- What the task requires: The records that follow must be repeated exactly, minus the images.

- Input records:
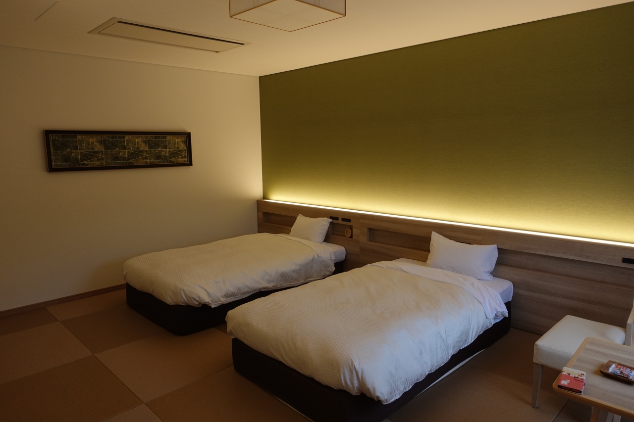 客室は広々としたツインルームで、和のテイストを上手く織り込んだ落ち着いた内装でした。少し気になったのがウォシュレットの調子が少し悪かったのでそろそろ更新時期かな。
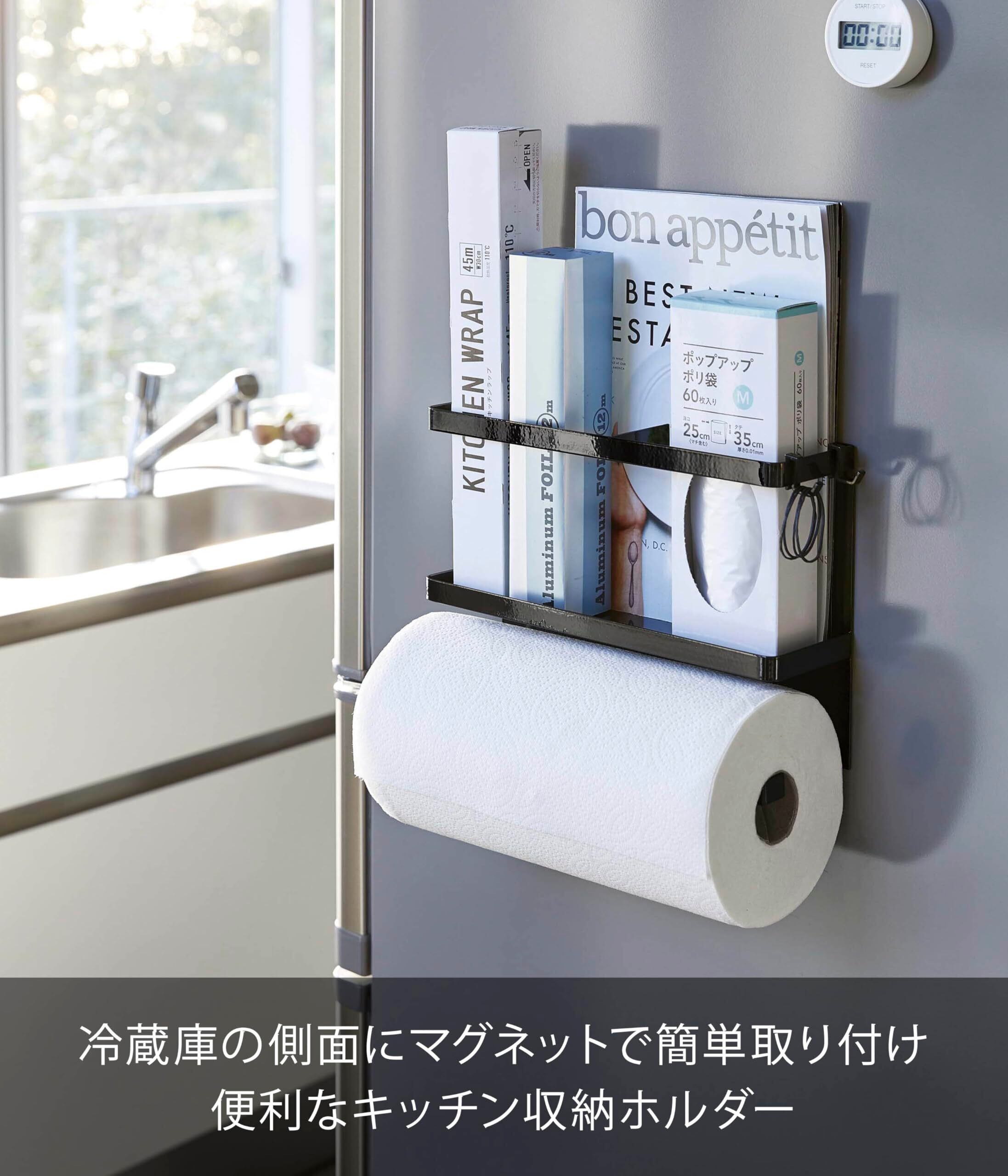 山崎実業(Yamazaki) マグネット キッチンペーパー & ラップホルダー ブラック 約W29XD8XH20cm タワー キッチンペーパーホルダー 大判タイプ対応 4397
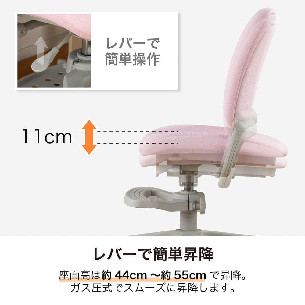 ◆成長に合わせて、座面は11cm上下、前後11cm調節可能。レバーで簡単に操作出来ます。
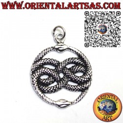 Colgante artesanal en plata de ley 925 con el diseño del Auryn, antiguo talismán formado por dos serpientes entrelazadas en un círculo. Este símbolo místico representa el equilibrio entre opuestos, la unidad y el poder de la transformación.
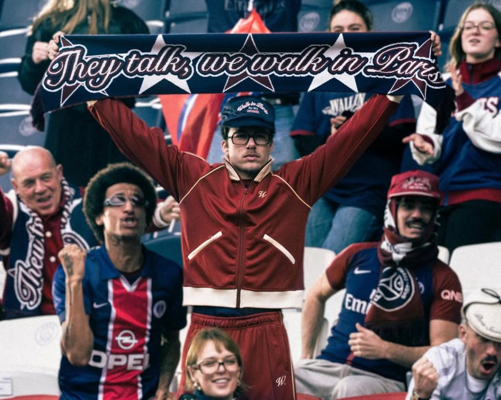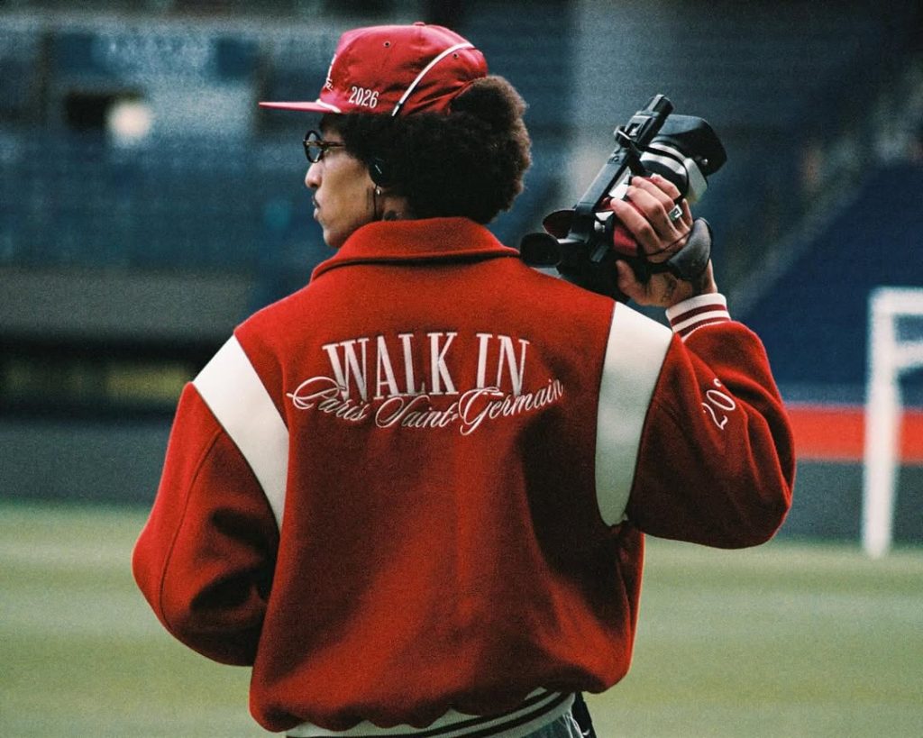 At Walk in Paris, the alliance feels almost tautological. The red varsity jacket, a signature piece with a vintage flair naturally echoes the club’s iconography. The campaign, shot in an empty Parc des Princes, playfully diverts the historic slogan to adopt the line: “You talk, we walk.”

- Response box:
 客室は広々としたツインルームで、和のテイストを上手く織り込んだ落ち着いた内装でした。少し気になったのがウォシュレットの調子が少し悪かったのでそろそろ更新時期かな。
 山崎実業(Yamazaki) マグネット キッチンペーパー & ラップホルダー ブラック 約W29XD8XH20cm タワー キッチンペーパーホルダー 大判タイプ対応 4397
 ◆成長に合わせて、座面は11cm上下、前後11cm調節可能。レバーで簡単に操作出来ます。
 Colgante artesanal en plata de ley 925 con el diseño del Auryn, antiguo talismán formado por dos serpientes entrelazadas en un círculo. Este símbolo místico representa el equilibrio entre opuestos, la unidad y el poder de la transformación.
 At Walk in Paris, the alliance feels almost tautological. The red varsity jacket, a signature piece with a vintage flair naturally echoes the club’s iconography. The campaign, shot in an empty Parc des Princes, playfully diverts the historic slogan to adopt the line: “You talk, we walk.”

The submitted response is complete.